= Murder of Daniel Wretström =

2000 Swedish murder case

Daniel Juhani Wretström (15 October 1983 – 9 December 2000) was a Swedish nationalist of Finnish descent and white power skinhead murdered by a gang of immigrants in Salem, Sweden.

==Background==
Wretström played drums in the white power rock band "Vit Legion" ("White Legion").

Wretström lived with his mother, Birgitta, and sister, Sara. His middle name Juhani indicates a Finnish ethnic background. According to Birgitta, Wretström had been diagnosed with ADHD. She described him as a "searcher", who attended a Pentecostal church.

== Murder ==
Following a conflict or argument at an apartment party in Salem and while drunk and upset at a nearby bus station close to a local youth center, a fight broke out between Wretström and a group of other teens. It is alleged that a girl in the group accused Daniel of having hit her, but this could never be proven and is mentioned in the investigation as having been made up by the girl who was angry at Daniel because of his skinhead outfit. The group of youths followed him at the bus station. Some male teens in the group began attacking Daniel and the whole gang, which the media described as being "from immigrant backgrounds", began assaulting him. While he was being beaten, a car passed by which Daniel attempted to stop by throwing himself onto the hood, but the gang dragged him off the car's hood and told the driver to go away. They then kicked him down into a ditch, and hit him in the head repeatedly with a board. One assailant then called his older brother, who arrived at the scene armed with a knife and stabbed Daniel multiple times in the neck and throat, killing Daniel by cutting his throat. The knife's broken and bloody blade was later found by the police. Some people passing by had tried to stop the attack to no avail and later returned and found Daniel's body and called the emergency services. According to the woman who called, it took approximately 40 minutes for the police and ambulance to arrive. While the witnesses were waiting they flagged down a security guard's car who followed them to the scene.

== Impact ==
Wretström's murder inspired Swedish neo-Nazis, ultra-nationalists and other far-right activists to organize an annual demonstration known as the Salem March. Those activists consider Wretström to be a martyr to their cause. The neo-Nazi group Blood and Honour has called him "the Horst Wessel of our generation", vowing to exact revenge. Blood and Honour wrote "Here is the Horst Wessel of our generation—the figurehead of a new movement—to whom we each owe a blood debt to unite. This morning Europe weeps for a fallen hero. Mark this day—for he shall be avenged. Though his flash has fallen—his spirit lives on." Their demonstrations drew a response from the Swedish group Antifascistisk Aktion.

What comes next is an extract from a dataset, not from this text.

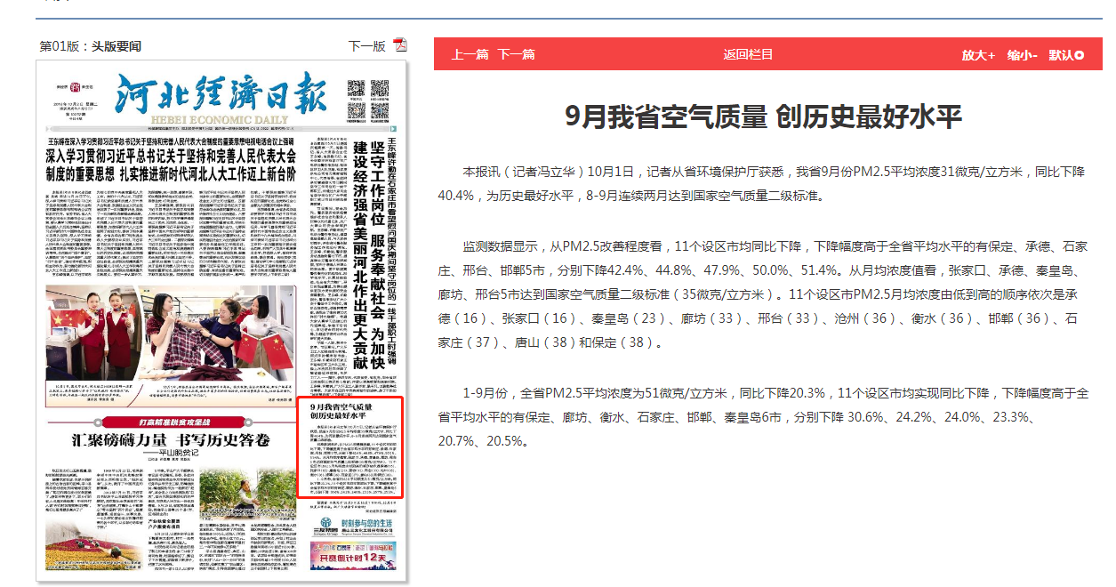 1-9月份,全省PM2.5平均浓度为51微克/立方米,同比下降20.3%,11个设区市均实现同比下降,下降幅度高于全省平均水平的有保定、廊坊、衡水、石家庄、邯郸、秦皇岛6市,分别下降 30.6%、24.2%、24.0%、23.3%、20.7%、20.5%。

The murder became the topic in many heated debates and articles in Swedish media, political papers and in Swedish society at that time, and the motives and cause of the murder is still debated even today. The far-right immediately accused multicultural society and left-wing politics and has often protested at media calling Wretström a Nazi, while many journalists and papers often mentioned the brawl at the party as the motive. The official police investigation leaves it unclear what really caused the fight and murder since there was many accused and many witnesses who gave different versions of the events.

Stieg Larsson, then the editor of Expo, an anti-racist magazine, denied that the Expo organisation had ever defended the murder of Wretström, pointing out that the Turkish-born journalist Kurdo Baksi had been one of the first to condemn the perpetrators.

== Legal proceedings ==
The perpetrators were arrested and prosecuted and because of their young age, most were sentenced to youth facilities or community service. The accused murderer who stabbed Wretström was ruled insane at the time of the murder by the court and sentenced to psychiatric care. He was given a new identity and released after 4 years.